The effect of rising fuel prices, which hit the streets of India in May, will become more evident in the current financial year—and the increases may not be over yet. On Saturday, the government raised LPG prices by another ₹29 per cylinder, citing a sharp increase in costs that outstrip the retail price. It has also pointed out that despite the raised petrol and diesel prices, the oil marketing companies are incurring daily losses of around ₹600 crore. Unless the West Asia conflict moves towards a dependable resolution—a hope not strengthened by Monday’s uncertain pause in the exchanges between Iran and Israel—the crude oil benchmark may remain above $95 a barrel in the near future. The forecast of a sub-par monsoon further complicates the outlook on rural demand.

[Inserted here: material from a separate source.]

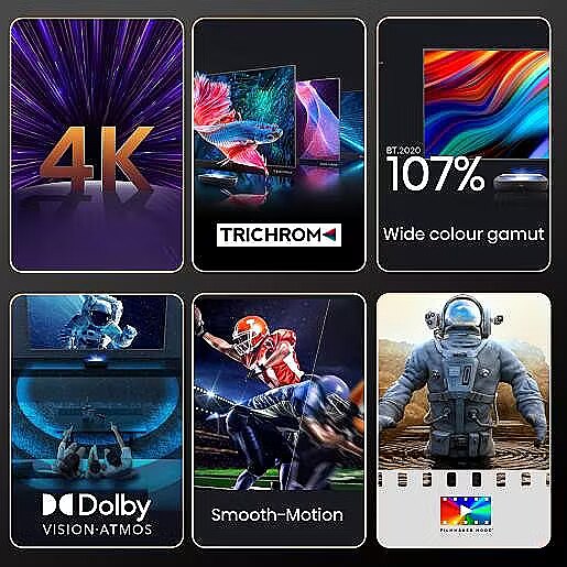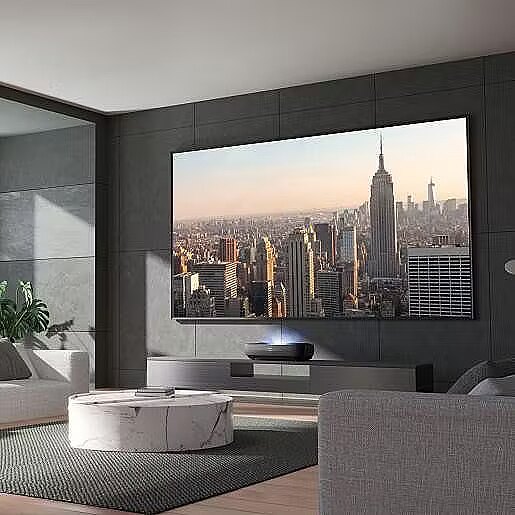 Telewizor laserowy Trichroma o ultra krótkim skoku wyświetla kolorowy i jasny obraz 4K na 100-calowym ekranie z odrzuceniem światła otoczenia, przeznaczonym do oglądania w dowolnym pomieszczeniu w domu. Obraz jest jasny i szczegółowy we wszystkich rodzajach oświetlenia, pozwalając cieszyć się doskonałym doświadczeniem oglądania dużego telewizora w różnych warunkach pokojowych.

The government’s recent moves to reduce excise on fuel and exempt foreign investors from taxes on government securities investments may not fully cover the ground. It’s time to double down on administrative reforms and fast-track stalled infrastructure projects. Industry associations must help smaller firms to make the best out of the Oman free-trade agreement that kicked in this month and the ones with the UK and New Zealand that are expected to be implemented down the fiscal. It may also be time for bolder measures like rationalising revenue expenditure and improving realisation from the National Monetisation Pipeline 2.0 to create greater room for investments. Whatever the mix of measures, the time for growth euphoria is coming to a halt.